Trustless Validation on Ethereum and Solana Efficiency

  • The text discusses the concept of trustless validation on Ethereum, particularly in the absence of Layer 2 solutions.
  • Successful apps and funds can provide projects with a significant reputation boost, allowing them leeway in their actions.
  • A monthly research club is hosted by DBA, covering various technical topics with a technically inclined audience.
  • The latest meeting focused on VM optimizations, comparing EVM and SVM, with experts from Mona and EF contributing.
  • A virtual machine (VM) in the blockchain context executes code and updates the chain's state, akin to a software-based computer.
  • The SVM in Solana supports parallel execution, utilizing multiple cores efficiently for faster transaction processing.
  • Solana mandates upfront declaration of state access for transactions, enabling non-conflicting transactions to run in parallel.
  • EVM lacks this upfront declaration, leading to sequential execution of transactions due to potential conflicts.
  • Parallel execution is crucial for efficiency, but requiring state access lists may pose challenges for developers in terms of complexity.
  • Better resource pricing and mechanisms to prevent intentional state locking are needed to optimize efficiency in Solana transactions.

25:47

"Solana's Local Fee Markets and Scalability Challenges"

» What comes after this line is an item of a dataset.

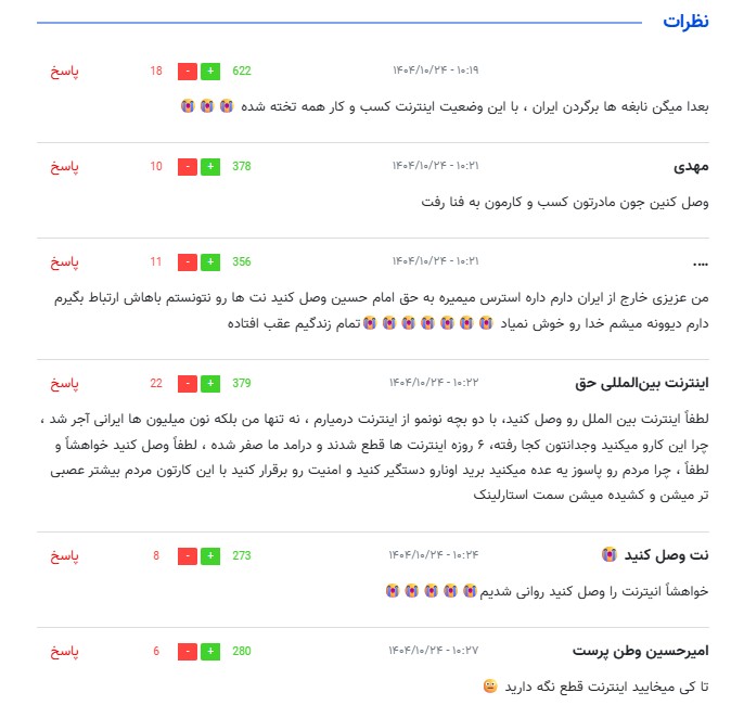 • لطفاً اینترنت بین الملل رو وصل کنید، با دو بچه نونمو از اینترنت درمیارم ، نه تنها من بلکه نون میلیون ها ایرانی آجر شد ، چرا این کارو میکنید وجدانتون کجا رفته، ۶ روزه اینترنت ها قطع شدند و درامد ما صفر شده ، لطفاً وصل کنید خواهشاً و لطفاً ، چرا مردم رو پاسوز یه عده میکنید برید اونارو دستگیر کنید و امنیت رو برقرار کنید با این کارتون مردم بیشتر عصبی تر میشن و کشیده میشن سمت استارلینک

  • In a competitive environment like the men pool, high demand for a specific piece of state, such as an NFT mint, can drive up prices for the entire chain.
  • Solana addresses this issue by implementing local fee markets to prioritize access to hot pieces of state, allowing users to pay higher priority fees for access.
  • Local fee markets aim to ensure fair access by charging higher fees for hot state pieces while maintaining normal fees for other non-conflicting state pieces.
  • Solana's implementation of local fee markets is still rudimentary and not fully fleshed out, operating at the scheduler level and lacking determinism.
  • While priority fees can help, there is still a high incentive for latency race due to the continuous block production and propagation in Solana.
  • Ideas for improving the system include implementing a 1559-like mechanism for different pieces of state to adjust fees based on demand.
  • Parallel execution in Solana's SVM offers deterministic parallel execution, while other projects like Monad use speculative parallel execution with heuristics for transaction pipelining.
  • However, parallel execution alone does not solve all scalability issues, as nodes have various resource bottlenecks that need to be addressed holistically.
  • The key bottleneck for scaling blockchains is state growth, which refers to the snapshot of all current important data in the chain, leading to increased complexity and size.
  • Ethereum's primary bottleneck is state size growth, which poses a resource pricing problem as every transaction increases the state size permanently, impacting future node computations.

38:33

Efficient State Storage in Ethereum Validators

  • Validators update balance from 0 ETH to 1 ETH by accessing the Merkel tree, a data structure storing Ethereum state.
  • Accessing the Merkel tree in real-time is crucial during blocks, requiring quick access, not just on a hard drive.
  • Storing the entire state in RAM provides instant access but is resource-intensive and not feasible for all.
  • SSDs are practical for storing state in Ethereum clients due to the bottleneck of disk size and I/O costs.
  • I/O refers to reading from disk to RAM and vice versa, with RAM offering quicker access than SSDs.
  • The increasing state size in Ethereum poses challenges in efficiently accessing and updating data.
  • Weak statelessness is a proposed solution to shift the burden of storing state from validators to builders.
  • Weak statelessness involves sending witnesses with blocks to update relevant state pieces, reducing local state storage.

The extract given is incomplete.